Steve Kuhn Trio / Wisteria

Steve Kuhn(P)
Steve Swallow(B)
Joey Baron(Ds)
Rec. September 2011, NY
(ECM 2257)

スティーヴ・キューンの近作では、同じくジョーイ・バロン参加の「Steve kuhn Trio w. Joe Lovano/Mostly Cotrane(09年、別頁あり)」が相当良かったので、ベースがデヴィッド・フィンクからスティーヴ・スワロウに代わっての本作にも期待している。今回は特にテーマは設けていないので、よりキューンの音世界が色濃くなっていそうな感じがするのだが、キューンとスワロウは過去にも「Steve Kuhn Trio/Three Waves(66年)」「Karin Krog/We Could Be Flying(75年)」「Steve Kuhn, Steve Swallow/Two by 2(96年?)」「Steve Kuhn & Steve Swallow/Live in Japan Vol.1(04年)」「同/Live in Japan Vol.2(04年)」等でなにかと共演していて、そこに一種の凶暴性を秘めたバロンも加わっているのだから、これまでの二人の共演盤とはまた一味違った演奏が楽しめそうだ。
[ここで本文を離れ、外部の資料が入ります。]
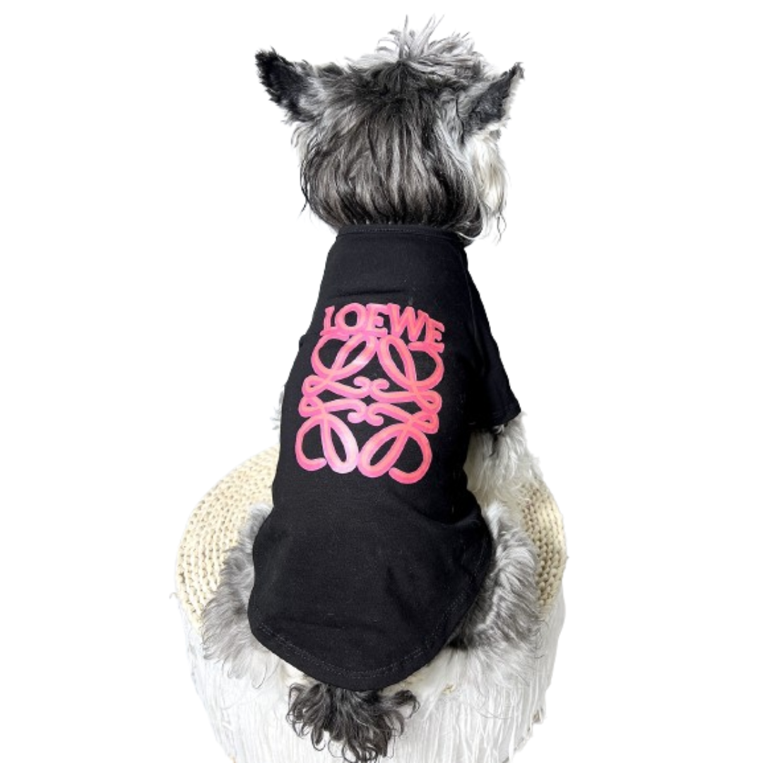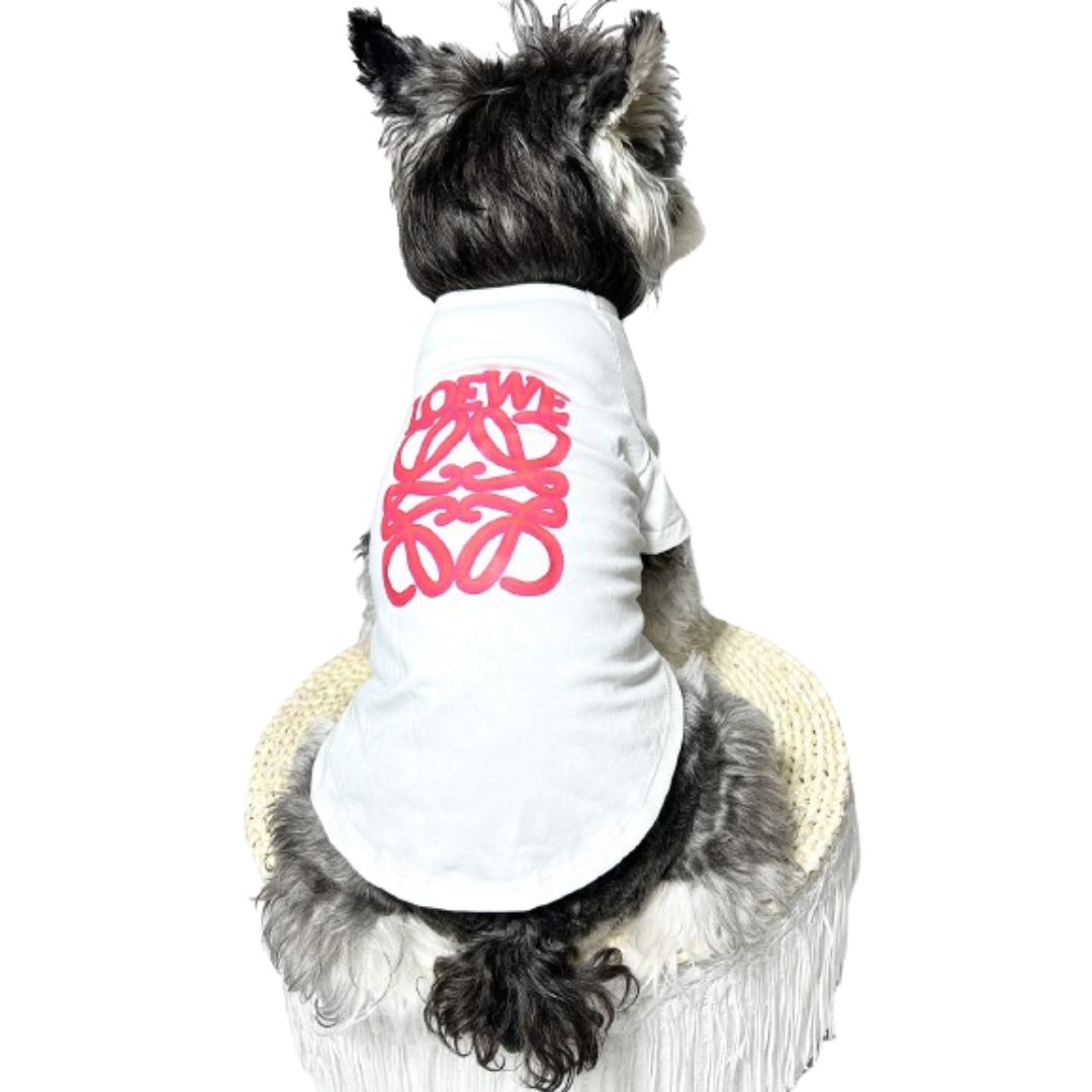 The Woof-White Logo Script Tee puts the signature pink script front and center on a classic streetwear silhouette. Bold logo placement across the chest, available in black and white colorways that work with everything in your pup’s rotation.
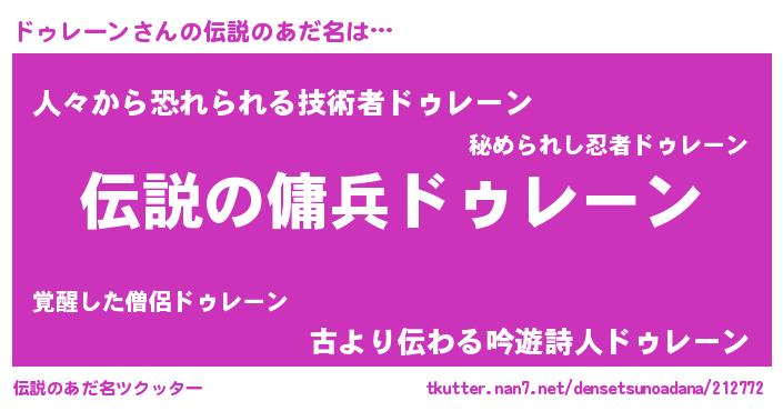 | 料理風あだ名 | 『ドゥレーンのカルパッチョ風』 |
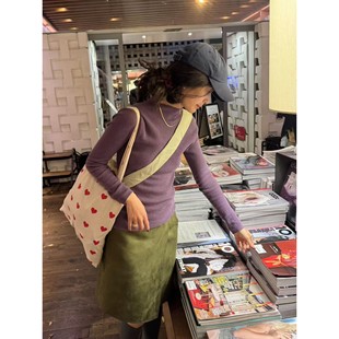 上衣 显瘦半高领长袖 日系复古高级感葡萄紫色针织打底衫 女弹力修身
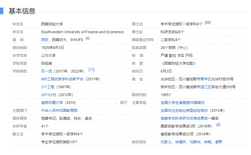 西南财经大学是教育部直属的国家“211工程”和“985工程”优势学科创新平台建设的全国重点大学,也是国家首批“双一流”建设高校。学校坐落于中国历史文化名城——“天府之国”成都,有光华、柳林两校区,辖地2300余亩。校园湖光柳影,芳草绿树,翩翩学者,蔚为大观,是著名的“园林式院校”,实乃读书治学的理想园地。 学校始于1925年在上海创建的光华大学。1938年,因抗战内迁建立光华大学成都分部。1952-1953年,先后汇聚西南地区17所院校的财经系科组建成四川财经学院,是建国之初全国高等院校分区布局的四所财经高校之一。1960年后历经分设、合并、更名等,于1978年恢复为四川财经学院。1979年由四川省人民政府划归中国人民银行主管,逐渐形成了独特的金融行业背景和出色的金融学科优势。1985年更名为西南财经大学,1997年成为国家“211工程”重点建设高校,2000年以独立建制划转教育部管理,2010年成为国家教育体制改革试点高校,2011年成为国家“985工程”优势学科创新平台建设高校,2017年成为国家首批“双一流”建设高校。 黄浦浣花风雨长,光华柳林谱华章。历经江流潮涌的时代变迁,西南财经大学始终与国家民族共命运,始终与时代发展同进步,栉风沐雨、奋进超越,培育了“经世济民、孜孜以求”的大学精神,奠定了“开放包容、求是创新”的学术底蕴,培养了“治国兴邦、奉献社会”的栋梁之才,铸就了“兴学报国、民族担当”的历史丰碑。 学校致力于培养德智体美劳全面发展,具有社会责任感、创新精神、国际视野的财经领域的卓越人才。设有28个学院(中心)等教学单位,41个本科专业;现有全日制在校学生24600余人,其中普通全日制本科生15800余人,硕士研究生7900余人,博士研究生820余人。建校以来,学校为国家经济建设和社会发展输送了一大批优秀人才,已成为国家金融、经济、管理等部门高水平人才培养的重要基地。本科生就业率达95.92%,国内外深造率40%,18万余名校友中涌现出一大批金融行业领军人物,被誉为“中国金融人才库”。 学校拥有国家经济学基础人才培养基地、全国大学生文化素质教育基地、基础学科拔尖学生培养计划2.0基地、国家级法学教育实践基地、“国际组织人才培养创新实践项目”基地等一批师资力量雄厚的教学与科研机构;拥有1个国家级教师教学发展示范中心、3个国家级实验教学示范中心、1个国家专业综合改革试点项目。学校主办的《经济学家》《财经科学》分别被评为全国高校社科名刊和精品期刊;创办英文学术期刊《Financial Innovation》成为近十年来国内第一本被SSCI收录的金融领域学术期刊;拥有馆藏丰富的现代化数字图书馆,也是目前西南地区最大的财经文献中心;设有西南地区高校唯一的货币类博物馆:货币金融博物馆。 学校不断强化学科发展战略引领,着力构建特色鲜明、优势突出、结构合理、充满活力的学科生态体系。现有理论经济学、应用经济学、工商管理、管理科学与工程、统计学、社会学、法学7个博士学位授权一级学科,6个硕士学位授权一级学科,19个专业学位授权点;拥有金融学、政治经济学、会计学和统计学4个国家重点学科,5个省级重点一级学科;有理论经济学、应用经济学、工商管理、管理科学与工程和统计学5个博士后流动站。应用经济学进入世界一流学科建设行列,“经济学与商学”“社会科学总论”“工程学”3个学科进入ESI全球前1%学科;工商管理通过EQUIS和中国高质量MBA双认证;中国大陆首家通过AACSB商科和会计双认证。2021泰晤士世界大学排名位居501—600,居国内同类院校首位。 学校深入实施创新驱动战略,坚持服务国家重大需求和学科前沿相结合,以重大现实问题为主攻方向,加强应用研究,产出一大批高水平的研究成果。获批中宣部首批“全国中国特色社会主义政治经济学研究中心”,拥有教育部人文社会科学重点研究基地“中国金融研究中心”“金融安全与发展学科创新引智基地” “金融安全协同创新中心”“中国家庭金融调查与研究中心”“西财智库”等一批新型高端智库。加强对国家、行业、区域经济社会发展重大理论和实践问题的研究,着力打造国家“金融智库”和“西部财经智库”。发挥学科专业和人才优势,主动响应国家精准扶贫战略,积极开展对口帮扶工作,勇担大学社会责任。 学校大力实施人才强校战略,在波澜壮阔的办学历程中,人文荟萃,名师云集。胡适、钱钟书、徐志摩、叶圣陶等大师在此传道讲学;谢霖、陈豹隐、汤象龙、许廷星、刘诗白等著名经济学家于此授业解惑。现有教职工2000余人,专任教师1300余人,其中,教授336余人、副教授567余人,博士生导师320余人,全职海归博士300余人,国家级人才113人,形成了海内外人才的“群聚效应”。 学校深入实施深度开放战略,高层次、宽领域、多渠道加强国际交流与合作。已与世界40余个国家和地区的两百余所知名大学、科研机构及知名企业建立了广泛的合作关系。获批3个中外合作办学项目、1个中外合作办学机构,开设全英文专业,培养设立学生出国(境)奖学金和“一带一路”国际学生奖学金。与加州大学伯克利分校、斯坦福大学、美国道富银行共创共建国际风险数据分析联盟、金融风险研究中心、金融科技国际联合实验室。建有北马其顿圣基里尔·麦托迪大学孔子学院及四川首家“汉语国际
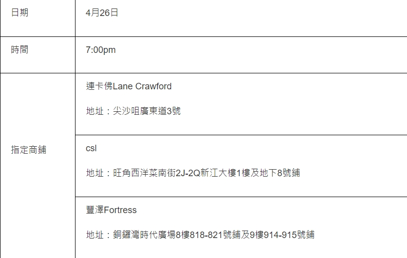 2款新耳機將于4月26日(五)開賣,當日晚上7時,官方在3間指定商鋪舉行限時優惠活動,只要即場購買Nothing Ear或Ear (a),即可獲得CMF by Nothing Watch Pro智能手表(價值$549),每家商店限量送50只,先到先得,送完即止。
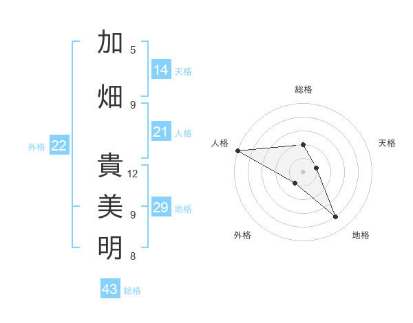 加畑 貴美明さんを姓名の画数から五運を鑑定
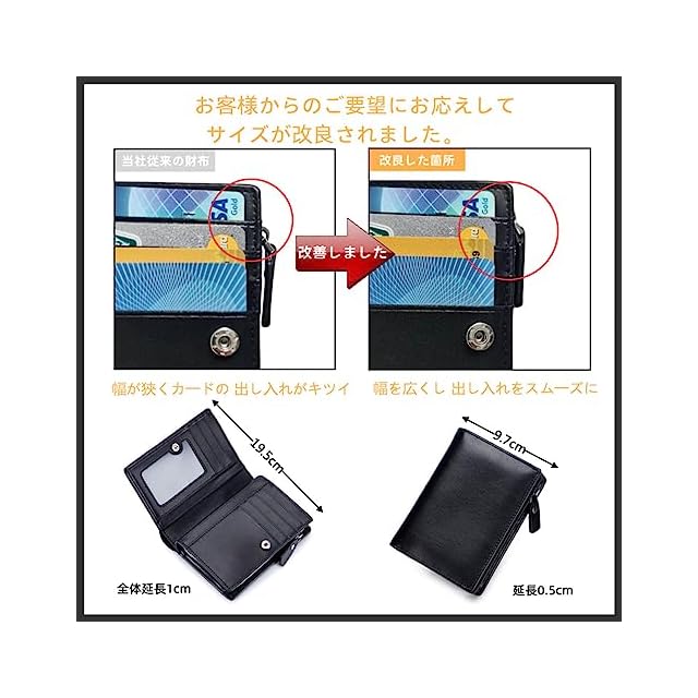 【商品仕様】(折りたたみ時):12cm×9.7cm×厚さ2.5cm カラー:ブラック、 オレンジ、レッド、ブルー ○素材:カーボンレザー(牛革)、マイクロファイバー。クレジットカード入れ×10、お札入れ×2、小銭入れ×2、フリーポケット×1、IDウィンドウ×1。

キューン曲が6曲、スワロウ曲が2曲、ドリ・カイミの「Romance」、カーラ・ブレイの「Permanent Wave」、アート・ファーマーの「Wisteria」で全11曲。
ごく当たり前の4ビートをやっている1曲目は、アドリブをP~B~Ds~P~B~Dsと2回も繰り返していることに違和感を感じる。意図的にやったことだとは思うけど、1回目のドラムソロが終わったところでテーマに戻った方がスッキリとしていいような気がするけどね。それとベースがウッドではなくエレベの関係で、演奏がなんとなく間延びして聴こえるのも気になるところ。スワロウはゲイリー・バートンやジョンスコあたりとは最高の相性を見せるのだが、本作を聴く限りにおいては、硬質なイメージが強いキューンと相性が良いとはいい難い。それはヴォサノバ・タッチの2曲目でもそのように感じるのだが、キューンの硬質さを和らげるためのスワロウとの共演であったとするとある程度は納得がいくにしても、これがウッドのフィンクだったらもっと演奏が引き締まってよかったのになあとついつい思ってしまう。そんなキューンとスワロウのコンビネーションばかりが気になってしまい、なかなか素直に演奏に入り込むことができないのだが、バロンはどうかというと、こちらもまたキューンにしてはソフトタッチな選曲が多いこともあり、ハッとさせられるような凶暴性を発揮しているのはいいとこドラムソロだけなので欲求不満に感じてしまう。いつものようなズドーンと下に沈み込むバスドラの音もカットされているしね。エンジニアのジェームス・ファーバーは、バロンのバスドラの録り方が最高に上手いはずなのに、本作では思いっきりミュートしてしまっているので、ドラミングの面白さが半減してしまっているね。やっている音楽にドラムスの音色を合わせることも大事かもしれないけれど、その人の音的な個性まで消してしまうようでは意味がないだろう。
なんて思いながら聴いていたら、6曲目にしてようやく私好みの演奏が登場。アップテンポの4ビート曲だけど、スワロウの滑らかなベースに乗っかり、キューンが疾走感のあるピアノを弾いているし、バロンもかなりアグレッシブに叩いていて、ここまで聴いてモヤモヤしていた気持ちが解消した。やっぱりキューンはこうでなくては面白くもなんともないのだが、やはり年を取るとアルバム一枚分をテンションの高い演奏で押し通すというわけにもいかなくなるのだろう。全体的にはむしろリラックス感の方がよく目立っているので、これよりだったらヴィーナスからの諸作品の方がまだマシだったと感じてしまう。特にビル・スチュワート参加の「Steve Kuhn Trio/Love Walked In(98年)」は絶品だった。